Lack of proper documentation might be a result of shortsighted thinking or simply failing to understand the significant role it plays, but its role cannot be underestimated. It can serve as a valuable resource at ever stage of the product lifecycle for a wide range of individuals, whether database developers, application developers, testers, analysts, managers, DBAs, data architects, new hires, or any other participants who would otherwise spend hours trying to make sense of something that should have been documented in the first place.
Way out of Failure #2
Documentation can, and should, come in many forms. A data dictionary can be a good place to start. It provides descriptions of the tables, columns, relationships, constraints, and other database objects. The data dictionary should be complete and accurate and kept up-to-date as components change. Some teams might prefer to use extended properties, if their RDBMS supports them, or use both, just as long as developers, DBAs, architects and everyone else can know what's going on and have the same understanding of the purpose of each object, whether it's a foreign key or check constraint or even a table. Even details such as why a constraint can't be implemented can be useful.
Modeling diagrams can also be extremely helpful for conveying the database's design to various players.
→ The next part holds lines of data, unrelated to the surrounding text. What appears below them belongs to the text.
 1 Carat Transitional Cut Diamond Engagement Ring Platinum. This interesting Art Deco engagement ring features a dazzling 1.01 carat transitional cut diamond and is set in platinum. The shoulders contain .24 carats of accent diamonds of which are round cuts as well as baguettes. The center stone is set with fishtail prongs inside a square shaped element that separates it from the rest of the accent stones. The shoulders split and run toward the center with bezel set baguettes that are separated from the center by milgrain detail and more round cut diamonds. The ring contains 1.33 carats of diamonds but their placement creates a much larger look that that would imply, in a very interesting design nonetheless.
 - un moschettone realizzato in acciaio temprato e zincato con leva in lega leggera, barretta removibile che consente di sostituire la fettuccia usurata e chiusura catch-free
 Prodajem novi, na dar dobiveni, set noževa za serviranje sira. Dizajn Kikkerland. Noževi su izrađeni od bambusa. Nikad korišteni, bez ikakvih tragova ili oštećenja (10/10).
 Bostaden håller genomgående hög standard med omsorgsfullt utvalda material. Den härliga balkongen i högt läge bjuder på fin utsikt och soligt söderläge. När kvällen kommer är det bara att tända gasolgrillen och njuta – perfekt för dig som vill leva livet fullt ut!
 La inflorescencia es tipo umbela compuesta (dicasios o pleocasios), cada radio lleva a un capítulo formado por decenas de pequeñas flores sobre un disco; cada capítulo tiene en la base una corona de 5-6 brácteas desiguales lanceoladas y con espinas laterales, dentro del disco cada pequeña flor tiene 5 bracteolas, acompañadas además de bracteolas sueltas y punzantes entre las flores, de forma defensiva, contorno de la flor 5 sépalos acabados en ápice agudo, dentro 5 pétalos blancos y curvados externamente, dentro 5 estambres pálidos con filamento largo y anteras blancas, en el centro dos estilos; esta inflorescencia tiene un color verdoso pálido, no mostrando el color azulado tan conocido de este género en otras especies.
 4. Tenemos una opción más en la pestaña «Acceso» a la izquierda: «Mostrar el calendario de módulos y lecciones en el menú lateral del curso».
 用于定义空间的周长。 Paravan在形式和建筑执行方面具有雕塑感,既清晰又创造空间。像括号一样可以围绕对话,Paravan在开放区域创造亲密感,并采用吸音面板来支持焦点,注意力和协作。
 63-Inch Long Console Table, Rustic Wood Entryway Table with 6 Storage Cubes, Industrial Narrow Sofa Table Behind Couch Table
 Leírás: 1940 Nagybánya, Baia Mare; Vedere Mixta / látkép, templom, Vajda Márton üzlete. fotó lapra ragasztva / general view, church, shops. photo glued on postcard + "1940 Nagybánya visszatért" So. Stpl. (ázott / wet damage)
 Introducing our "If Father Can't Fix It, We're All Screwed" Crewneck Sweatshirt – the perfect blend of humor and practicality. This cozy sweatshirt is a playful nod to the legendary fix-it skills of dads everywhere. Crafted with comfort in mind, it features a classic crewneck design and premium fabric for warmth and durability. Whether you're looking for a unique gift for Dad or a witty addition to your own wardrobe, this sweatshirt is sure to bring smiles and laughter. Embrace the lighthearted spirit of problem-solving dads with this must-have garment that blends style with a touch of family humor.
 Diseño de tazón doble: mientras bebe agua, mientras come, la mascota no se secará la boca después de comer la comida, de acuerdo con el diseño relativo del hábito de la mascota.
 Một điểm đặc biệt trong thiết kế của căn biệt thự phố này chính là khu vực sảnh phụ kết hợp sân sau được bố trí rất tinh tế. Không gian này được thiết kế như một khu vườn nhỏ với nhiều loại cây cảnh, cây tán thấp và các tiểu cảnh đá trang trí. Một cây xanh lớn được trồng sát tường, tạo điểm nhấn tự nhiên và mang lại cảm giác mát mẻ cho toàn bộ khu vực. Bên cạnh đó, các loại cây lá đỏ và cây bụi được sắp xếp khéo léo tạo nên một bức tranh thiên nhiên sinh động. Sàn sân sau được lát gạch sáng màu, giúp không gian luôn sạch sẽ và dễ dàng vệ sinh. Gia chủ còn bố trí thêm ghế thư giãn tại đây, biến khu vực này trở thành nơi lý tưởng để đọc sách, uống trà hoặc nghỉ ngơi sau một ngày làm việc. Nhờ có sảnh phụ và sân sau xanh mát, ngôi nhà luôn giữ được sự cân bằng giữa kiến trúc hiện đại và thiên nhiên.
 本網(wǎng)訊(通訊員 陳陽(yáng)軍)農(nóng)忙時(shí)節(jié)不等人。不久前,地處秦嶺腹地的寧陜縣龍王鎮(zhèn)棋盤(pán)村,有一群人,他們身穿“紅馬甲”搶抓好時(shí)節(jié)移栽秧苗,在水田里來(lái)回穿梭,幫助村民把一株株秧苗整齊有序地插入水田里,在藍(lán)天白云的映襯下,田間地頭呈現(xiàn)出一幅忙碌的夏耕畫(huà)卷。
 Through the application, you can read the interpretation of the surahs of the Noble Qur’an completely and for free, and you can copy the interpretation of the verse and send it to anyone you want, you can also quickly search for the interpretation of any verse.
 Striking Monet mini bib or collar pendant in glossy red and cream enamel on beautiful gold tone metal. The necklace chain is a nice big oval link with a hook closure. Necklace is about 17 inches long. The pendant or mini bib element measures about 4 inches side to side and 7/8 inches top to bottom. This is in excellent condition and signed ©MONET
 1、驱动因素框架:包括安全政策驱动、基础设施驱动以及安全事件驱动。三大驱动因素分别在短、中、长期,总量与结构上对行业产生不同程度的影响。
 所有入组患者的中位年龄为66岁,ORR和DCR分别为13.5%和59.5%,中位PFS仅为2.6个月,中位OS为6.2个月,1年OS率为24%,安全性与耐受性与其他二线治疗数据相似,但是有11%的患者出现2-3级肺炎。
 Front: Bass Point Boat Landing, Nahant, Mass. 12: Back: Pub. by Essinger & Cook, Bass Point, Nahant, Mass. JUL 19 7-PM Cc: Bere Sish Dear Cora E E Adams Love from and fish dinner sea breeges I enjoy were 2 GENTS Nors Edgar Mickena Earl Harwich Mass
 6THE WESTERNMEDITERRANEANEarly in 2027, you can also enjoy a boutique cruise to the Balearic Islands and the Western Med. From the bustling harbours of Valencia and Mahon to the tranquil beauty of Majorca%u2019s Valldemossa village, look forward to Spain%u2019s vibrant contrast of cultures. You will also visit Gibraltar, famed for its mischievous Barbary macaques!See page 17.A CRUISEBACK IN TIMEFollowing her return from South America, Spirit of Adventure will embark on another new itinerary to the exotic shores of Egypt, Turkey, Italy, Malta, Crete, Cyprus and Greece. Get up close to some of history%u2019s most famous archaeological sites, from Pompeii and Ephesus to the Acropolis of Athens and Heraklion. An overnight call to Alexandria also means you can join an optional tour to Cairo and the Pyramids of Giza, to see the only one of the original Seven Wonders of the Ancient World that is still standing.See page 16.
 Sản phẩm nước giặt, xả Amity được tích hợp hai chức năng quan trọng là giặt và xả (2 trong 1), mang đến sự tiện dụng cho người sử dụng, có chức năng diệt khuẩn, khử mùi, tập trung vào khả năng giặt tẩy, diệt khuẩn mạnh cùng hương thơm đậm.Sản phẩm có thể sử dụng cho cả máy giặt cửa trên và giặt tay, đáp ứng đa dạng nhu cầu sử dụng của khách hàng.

Such diagrams not only show the objects within a database, but also the relationships between them.
These days, data modeling tools make it relatively easy to generate data dictionaries and modeling diagrams and update them as needed, again providing an accurate picture of the database at any given point in time and helping to ensure that everyone has the same understanding of how things work. Perhaps the biggest challenge with this approach is getting the team to work together to provide a consistent way of generating the information. That, of course, will depend on the team.